The Hint unfold directive would be useful only if you had made a definition of the following shape:
Definition myle (x y : nat) := x <= y.Then Hint Unfold myle : core. would be useful to make sure that the database theorems for _ <= _ are also used to proved instances of myle, as in the following example (it fails if we have 4 occurrences of S, because of the depth limitation).
x: natmyle x (S (S (S x)))auto with core. Qed.x: natmyle x (S (S (S x)))
Please note that the following statement is logically equivalent (according to the definition of addition) but not provable by auto. Even if you add Hint Unfold plus : core. as a directive, this won't help because plus is not the head symbol of the goal.
x: natmyle x (3 + x)x: natmyle x (3 + x)x: natmyle x (3 + x)auto. Qed.x: natmyle x (S (S (S x)))

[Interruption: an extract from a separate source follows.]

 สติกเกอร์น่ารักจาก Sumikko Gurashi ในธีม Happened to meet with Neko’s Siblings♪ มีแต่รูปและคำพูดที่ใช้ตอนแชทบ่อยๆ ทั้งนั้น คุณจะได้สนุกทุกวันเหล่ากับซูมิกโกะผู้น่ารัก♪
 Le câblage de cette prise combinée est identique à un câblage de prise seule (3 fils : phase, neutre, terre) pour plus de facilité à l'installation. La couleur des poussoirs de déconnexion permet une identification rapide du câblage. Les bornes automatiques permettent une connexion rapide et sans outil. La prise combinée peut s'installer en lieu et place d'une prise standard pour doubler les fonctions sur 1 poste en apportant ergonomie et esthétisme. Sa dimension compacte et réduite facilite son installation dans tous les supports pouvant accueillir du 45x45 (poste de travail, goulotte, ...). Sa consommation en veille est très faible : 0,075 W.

I often use automatic tactics from Coq, for instance lia, but I always do so because I can predict if the goal is part of the intended scope of the tactic.
Answer (Elazar)
From the documentation:
This tactic implements a Prolog-like resolution procedure to solve the current goal. It first tries to solve the goal using the assumption tactic, then it reduces the goal to an atomic one using intros and introduces the newly generated hypotheses as hints. Then it looks at the list of tactics associated to the head symbol of the goal and tries to apply one of them (starting from the tactics with lower cost). This process is recursively applied to the generated subgoals.

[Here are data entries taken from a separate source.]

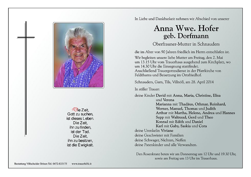 Anschließend Trauergottesdienst in der Pfarrkirche von Feldthurns und Beisetzung im Ortsfriedhof.
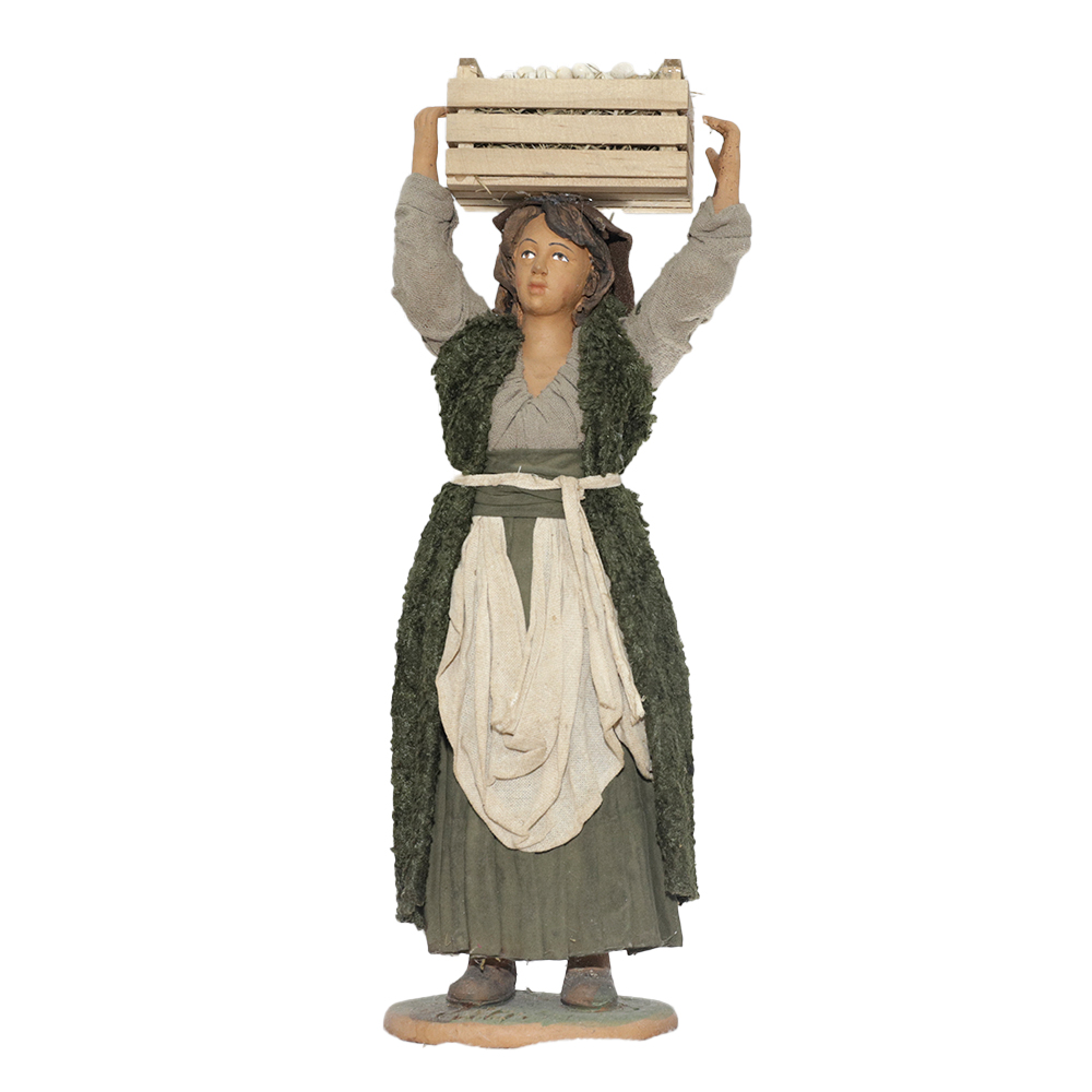 Donna Cassetta di legno con Uova in Testa
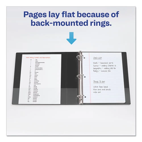 - Pages lie flat with back-mounted rings; exposed rivets on back

Also, see the warning there:
auto uses a weaker version of apply that is closer to simple apply so it is expected that sometimes auto will fail even if applying manually one of the hints would succeed.

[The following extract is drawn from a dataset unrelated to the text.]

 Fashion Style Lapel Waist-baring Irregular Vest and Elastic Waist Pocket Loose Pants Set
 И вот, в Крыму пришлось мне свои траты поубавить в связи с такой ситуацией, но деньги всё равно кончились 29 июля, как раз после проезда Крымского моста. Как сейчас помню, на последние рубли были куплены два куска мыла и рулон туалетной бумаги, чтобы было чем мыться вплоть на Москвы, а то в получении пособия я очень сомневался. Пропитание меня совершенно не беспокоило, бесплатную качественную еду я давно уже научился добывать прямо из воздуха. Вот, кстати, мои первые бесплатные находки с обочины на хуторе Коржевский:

And finally, the search depth is limited to 5 by default; you can control it using auto num.
So if at any point, none of the "tactics associated to the head symbol" of the current goal makes any progress, auto will fail. And if auto reaches maximum depth, it will fail.
Note that auto it does not automatically apply the unfold tactic. There's no way to solve a <= f(a) when f is opaque, without further assumptions. If you want, you can use Hint Unfold f or Hint Transparent f.